Across all tested concentrations, both SSE2-L and SSPD maintained cell viability above the cytotoxicity threshold, in agreement with the morphological observations, thereby confirming their lack of detectable cytotoxic potential under the experimental conditions employed (Figure 1).

2.5.2. In Vitro Analysis of Pro-Sensitizing Potential

The potential of the test substances to modulate immune-related co-stimulatory markers was assessed using the THP-1 monocyte cell line. 1 × 10⁵ cells were seeded and subsequently exposed for 24 h to the test samples at a concentration of 50 μg/mL, and the expression of CD54 and CD86, two key co-stimulatory molecules involved in the initiation of inflammatory and sensitization processes, was quantified by flow cytometry. Nickel sulfate (NiSO4), a well-characterized contact sensitizer, served as the positive control to confirm assay performance.

As expected, NiSO4 exposure resulted in a marked upregulation of both CD54 and CD86 compared to the negative control, with expression values exceeding the established cut-off thresholds (CD54 > 200; CD86 > 150), thereby validating the responsiveness of the assay system. Conversely, none of the tested products induced a statistically relevant modulation of either marker, with measured values remaining well below the defined cut-offs (

Table 2. Expression of co-stimulatory molecules in THP-1 monocytes after 24 h exposure to test samples.

Sample	CD86 *	CD54 *
SSE2-L 50 μg/mL	57	71
SSPD 50 μg/mL	52	69
Control	35	59
Positive Control (NISO4)	191	236

* Cut-off values: CD86 > 150; CD54 > 200.

and Supplementary Materials Figure S4).

Cytotoxicity assessment indicated that the test samples did not adversely affect THP-1 cell viability under the conditions used, and no evidence of apoptosis was observed at the tested concentrations. These findings suggest that the evaluated materials are unlikely to trigger monocyte/macrophage-mediated immune activation through upregulation of co-stimulatory molecules, indicating an absence of detectable in vitro pro-sensitizing potential.

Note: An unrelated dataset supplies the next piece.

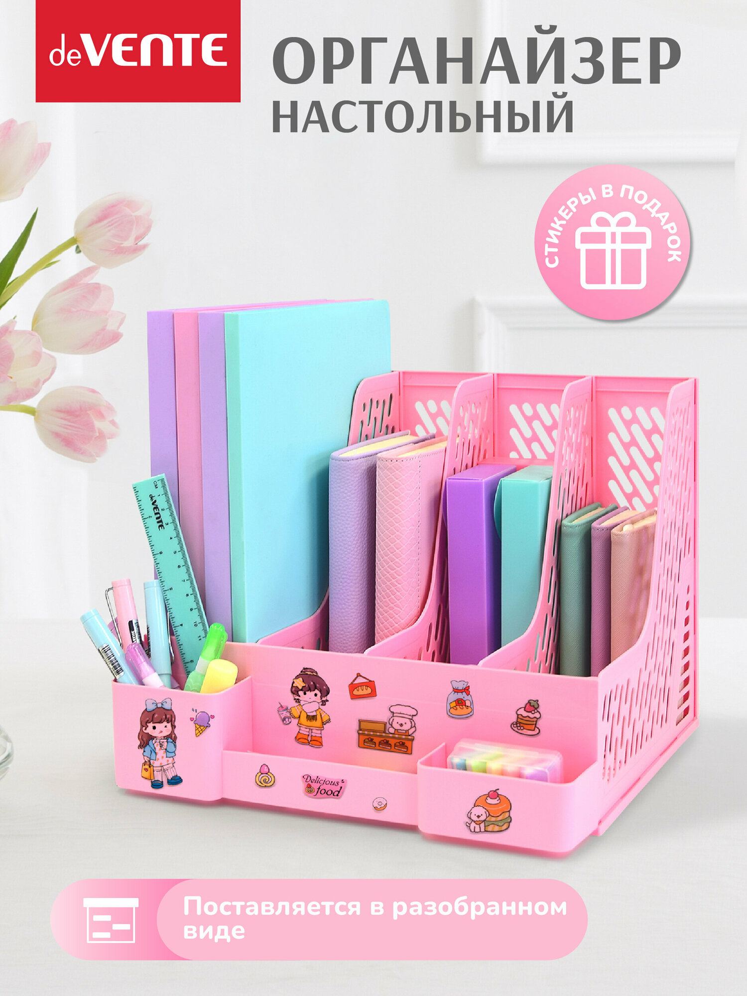 Подставка-органайзер + лоток вертикальный deVENTE Universal 4 секции 3 отделения, сборный зеленый со стикерами kawaii

2.5.3. Hemolytic Activity of SSE2-L and SSPD on Peripheral Blood

The potential hemolytic activity of SSE2-L and SSPD was assessed through a standard hemolysis assay using freshly collected peripheral blood from healthy adult volunteers. This assay is a well-established method to evaluate the cytotoxic potential of plant-derived products intended for medical or nutraceutical applications [41].

Peripheral blood samples were exposed to increasing concentrations of SSE2-L or SSPD, and the degree of hemolysis was determined spectrophotometrically by measuring hemoglobin release into the supernatant. As shown in Figure 2, none of the tested substances produced significant hemolysis compared with the negative control, with all values remaining well below the threshold indicative of a hemolytic effect.

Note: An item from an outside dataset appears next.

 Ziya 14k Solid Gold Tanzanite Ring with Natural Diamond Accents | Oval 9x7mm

These findings demonstrate that both SSE2-L and SSPD can be classified as non-hemolytic under the tested conditions, indicating a favorable safety profile with respect to erythrocyte membrane integrity.

2.6. Efficacy Assessment

Anti-Proliferative Response of Breast Cancer Cells to SSE2-L and SSPD Treatments

To determine whether the synthesized compounds exerted anti-proliferative activity against breast cancer cells, we employed three well-established human breast cancer cell models representing distinct molecular subtypes: MCF-7 cells (estrogen receptor-positive, metastatic ductal carcinoma) and MDA-MB-231 cells (triple-negative, metastatic adenocarcinoma). Proliferative capacity was evaluated using the anchorage-dependent MTT assay, which measures the metabolic conversion of 3-(4,5-dimethylthiazol-2-yl)-2,5-diphenyltetrazolium bromide into insoluble formazan crystals by mitochondrial dehydrogenases of viable cells.

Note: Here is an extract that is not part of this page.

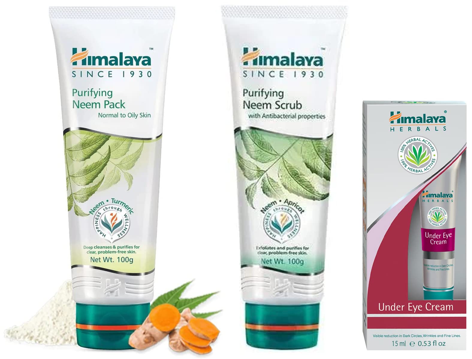 Himalaya Herbals Under Eye Cream 15mlHimalaya Under Eye Cream clears under eye circles pigmentation and blemishes. It also brightens and smoothens the areas around your eyes reduces dark circles by 80 percent in just 4 weeks reduces under eye wrinkles and fine lines by 28 percent in just 4 weeks brightens and smoothens eye contour. Preventing the formation of dark circles is vital to retaining a fresh face. With the help of Himalaya Herbals Under Eye Cream you can protect the delicate skin around your eyes with its proven and safe herbal ingredients. This under-eye cream comes with breakthrough herbal ingredients of Bergenia Ligulata and Cipadessa Baccifera which actively fight against the appearance of dark circles and shield the sensitive skin around your eyes from harsh sunlight. Your skin must be free of toxins and be moisturised to sustain a healthier look without wrinkles and fine lines. Himalaya Eye Cream detoxifies and moisturises your skin thereby rejuvenating your eyes. Consistent use of this cream can make your eyes stay wrinkle free and youthful. The use of this product can result in 80% reduction of dark circles and 28% reduction of under-eye wrinkles and fine lines within four weeks. To attain glowing eye contours Himalaya Herbals Under Eye Cream is a good choice. One more ingredient of the cream is Wheatgerm oil. This is rich in Vitamin E which acts as an antioxidant and protector of harmful UV rays. This cream also helps you fight against scaling laxity and puffiness of your eyes. After cleansing your face apply the cream in the delicate skin around your eyes and gently massage it. For best results use it twice a day. Product Features This cream can be used both by men and women. It is suitable for all skin types. It comes with a quantity of 15 ml. Key ingredients are Cipadessa Baccifera Bergenia Ligulata and Wheatgerm oil. It is dermatologically tested non-comedogenic and hypoallergenic. Reduces 80% of dark circles and 28% of under-eye wrinkles in four weeks.Himalaya Purifying Neem Pack 100gPurifying Neem Pack: Clean clear and healthy complexion. What it does: Himalaya's Purifying Neem Pack brings together the goodness of Neem Fuller's Earth and Turmeric which work together to regulate excess oil secretion clean clogged pores and prevent the recurrence of pimples. Key ingredients: Neem Oil and Neem leaves are excellent skin care ingredients. The oil relieves dry skin and soothes itchiness redness and irritation. It also improves general skin health and immunity combating bacterial infections such as acne boils and ulcers. Turmeric has been used as an antiseptic for centuries. The herb also has strong anti-inflammatory properties which soothe your skin gently. It also makes your skin soft and supple. Fuller's Earth is primarily used to lighten the skin. It has cooling and anti-inflammatory properties that remove deep-seated dirt and skin pollutants.Himalaya Herbals Purifying Neem Scrub 100gmCleansing and moisturizing is an essential part of our daily skincare regimen as it helps exfoliate and rejuvenate. But we often fail to realise that our skin requires something more this. The Purifying Neem Scrub from Himalaya is the answer to your need for a complete skin treatment and is sure to bless you with smooth and soft skin. Pollution and dirt cause multiple skin problems such as black heads white heads acne and skin irritability. The dead cells also need to be removed regularly from the skin. Scrubbing is a skincare technique which removes the dead cells black and white heads from our skin. The face scrub is made of Neem and Apricot and the two ingredients work together as great exfoliator and purifier. The apricot granules help in the removal of the dead skin cells. The purifying quality of neem on the other hand prevents acne and dark spots. The scrub also helps remove the excess oil from the skin which is the root cause of acne and black heads. Himalaya is one of the leading Herbal skincare brands in India which is largely recognized in the country and abroad for its quality skin care and herbal beauty products. So people with sensitive skin need not spare a thought on the quality of the scrub. Directions for use : Clean your face properly with a facial wash. Then apply a generous amount of the scrub and massage gently. Scrub well on the areas that are prone to black and white heads such as the nose cheek and chin. But be careful and avoid scrubbing on pimple prone areas and the eye zone. Rinse clearly with water and discover the radiant glow on your skin. Apply once or twice a week for best results.

2.5 × 10⁴ cells were seeded in a 48-well plate. After 24 h of incubation, cells were treated with the tested samples at doses of 12.5, 25, 50, 75, and 100 μg/mL [42]. After 24 h, a solution of MTT 0.2 mg/mL was added to each well and incubated for 3 h. After this period MTT solution was aspirated and formazan salts were solubilized by adding 200 μL of Dimethyl Sulfoxide (DMSO). Absorbance obtained was read at 570 nm using a Synergy H1 microplate reader (Hybrid Reader, BioTek Instruments, Agilent, CA, USA). The exposure to SSE2-L or SSPD produced a clear, concentration- and time-dependent reduction in MTT conversion across all tested cell lines, indicative of impaired metabolic activity and decreased cell viability. Notably, the inhibitory effect was consistently more pronounced in cultures treated with the pomegranate extract-associated polymeric compound compared to cells exposed solely to pomegranate extracts, suggesting a potentiating effect conferred by the polymeric component. This inhibitory trend was evident as early as the initial measurement time point and became progressively more substantial with increasing exposure duration and compound concentration.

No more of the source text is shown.